Tue Jan 28 17:13:13 UTC 2025: **India’s Budget 2025: Boosting Growth Amidst Economic Challenges**
NEW DELHI – India’s Union Budget 2025, to be presented on February 1st by Finance Minister Nirmala Sitharaman, is expected to address key economic challenges including a weakening rupee and sluggish domestic demand. The budget, her eighth, aims to boost consumption and economic growth while maintaining fiscal discipline.
The projected fiscal deficit for FY25 is 4.7-4.8% of GDP, a slight improvement. Increased capital expenditure, investments in agriculture, and a rise in subsidies are anticipated, although large-scale cash transfer schemes are less likely.
Several sectors have submitted proposals:
* **Renewable Energy:** Serentica Renewables CEO Akshay Hiranandani urged the government to absorb some costs of renewable energy transmission infrastructure and provide concessional financing for projects, particularly hybrid solutions.
* **Healthcare:** Doceree’s Harshit Jain advocated for a dedicated financial pool for technology-driven healthcare solutions to accelerate drug development and improve patient outcomes.

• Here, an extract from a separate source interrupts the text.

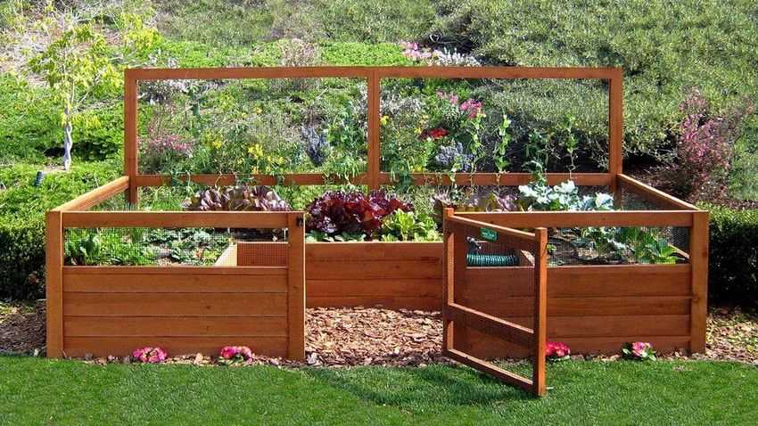 Высокие гряды с деревянным ограждением могут быть сделаны из досок, бруса и горбыля.

* **Automobiles:** Automakers, including Toyota Kirloskar Motor, called for merit-based policies supporting various green technologies and alternative fuels. They also requested measures to boost consumer disposable income, encourage scrapping of old vehicles, and lower the GST on hybrid vehicles (currently 28%). Concerns were raised about delays in Production Linked Incentives (PLI) disbursement and value addition norms impacting the EV market. Increased infrastructure spending, particularly on national highways, is also sought to stimulate the commercial vehicle sector.
* **Startups:** Startups are pushing for reforms to improve access to working capital, simplify taxation, and reduce compliance burdens. They highlighted the challenges posed by the current input tax credit (ITC) system, which ties up crucial funds.
* **Electronics and Semiconductors:** The India Electronics and Semiconductor Association (IESA) urged for a $20 billion increase in PLI scheme allocation over the next five years to boost domestic production, citing the need for strategic autonomy in the face of global geopolitical uncertainties.
The budget’s impact on various sectors, including the crypto market (which will be separately reported), and its overall success in stimulating economic growth will be closely watched. The current slowdown in both passenger and commercial vehicle sales, particularly in urban areas, necessitates policies designed to enhance disposable income and create employment opportunities.